2017年2月9日 第6号
「戦争が終わったらどうなる?」「大丈夫さ。また他の戦争を始めるから」「だからこの仕事はいい。将来は保証されてる。略奪者の子孫だから」…終戦間近の軍医達の会話。
「私は科学者じゃない。そこらにいる『薄汚れた小役人』と同じだ。権力で人をコントロールしてる」…軍に雇われた物理学者ロバート・オッペンハイマー。
こうした真実のセリフが登場する映画は案の定、日本では上映禁止に。当時、快進撃中だった『キリング・フィールド』や『ミッション』のローランド・ジョフィ監督作品でも一向に関係ない。次々に新作が公開されても「知るべき事実」は、『薄汚れた小役人』たちがきちんとはじいている。仕事は何もしていないのは確かだが、余計なことはちゃんとやってる。市民のために尽くす公務員たちのおかげで庶民は天下泰平。
グローヴス将軍の軍人特有の狂気の目がすごい。「ジャップに思い知らせる。『パールハーバー』や『バターンの死の行進』を忘れるな」…演じるのは、実際にカミカゼ攻撃で戦友たちを失ったポール・ニューマン。実在のボクサー、ロッキー・グラジアノを演じた『傷だらけの栄光』(1956) でスターになったポールは、人類史上トップクラスの慈善家。「いかにお金を貯めるか」というテーマをへっちゃらで堂々と講義する人も多いが「いかに人のために使うか」を実践した彼は、莫大な契約を蹴り、ビバリーヒルズを嫌って、遥か東部のコネティカット州に住んだ。難病の子たちの病室を道化師姿で訪れてマジックを披露。去ったあとで誰かが「さっきのはポール・ニューマンよ」と言うと、みんな大仰天。自ら開発したサラダドレッシング『Newman's Own』の収益は全額寄付し、その額は500億円ほどで、今も更新中。1963年8月のワシントン大行進他にも参加し、反戦、反核。「(本人や一味が裕福だから)富裕層の税金カット」を進めたブッシュ大統領には「俺みたいな金持ちからお金を取らないでどうするんだ!」と文句。彼から浮かび上がるのは「貯めるケチ=自分勝手=原発・戦争支持」と「分かち合う=平等=反戦」する人という世の図式。
映画の後半「我々は原爆開発に技術を提供するだけ。使うのは政府と軍人」と言い逃れをする科学者オッペンハイマーのことばには無責任さが溢れる。猛毒入りの料理を作っておいて「食べる奴が悪い」?

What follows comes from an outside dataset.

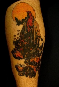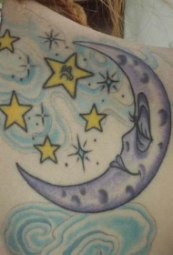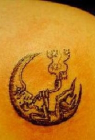 肩部黑灰Wolf tattoo狼与月亮纹身
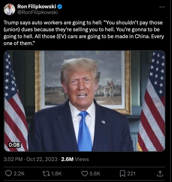 Trump himself has said that a second Biden term would result in a “bloodbath” for the U.S. auto industry because Biden will allow Chinese EVs to flood the market. He recently said that EVs in the U.S. are “all going to be made in China.”

作品中、アメリカ本土壊滅が目標の日本側の原爆開発には触れず。筆者は同計画の指揮を取っていた人物に生前会った。戦後、開発装置が東京湾に沈められるニュース映像は当時、劇場で流された。物理学者のアルバートは原爆開発の「マンハッタン計画」に大金で誘われても断わり、軍需産業には決して関わらなかった。その娘は「♫ いったい何人の人が死ねば戦争は無くなるのか♫」とボブ・ディランの『風に吹かれて』を歌い、薄汚い小役人達に洗脳された市民の目を覚まさせた。彼女の名前はジョーン・バエズ。さすがのパパには、さすがの娘。軍需企業なのを知ってて「俺は関係ない」とオッペンハイマー流言い訳を続ける人達がいなくなれば、企業は続かず、武器も作れないのに残念。

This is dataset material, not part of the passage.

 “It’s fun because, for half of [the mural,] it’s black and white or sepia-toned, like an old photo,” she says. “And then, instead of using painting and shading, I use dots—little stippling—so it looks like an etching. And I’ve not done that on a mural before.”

スコア担当は『ミッション』(1986) に続けてローランド監督と組むエンニオ・モリコーネ。エンニオに会った2001年7月は『Musashi』のレコーディング最中。「吉川英治の原作は本当に美しい!」との言葉に天才イタリアンの感性が溢れていた。ナターシャ・リチャードソンの沈黙の演技は『ウエスタン』のクラウディア・カルディナーレと同じ演出。出番は短いが印象に残る。脇役のエド・ローターはセリフがない。この曲者俳優にはセリフはあったはずだが、最終版でカットされたのだろう。いつか監督にきいてみよう。エド・ローターを知る人は映画通。
「戦争が終わったらどうなる?」「大丈夫さ。また他の戦争を始めるから」のセリフは世界の現実。「大事な作品を上映禁止しても大丈夫?」「もちろん。温泉とごちそう番組で大衆はハッピーさ」という見え見え作戦もスムーズに運んでる。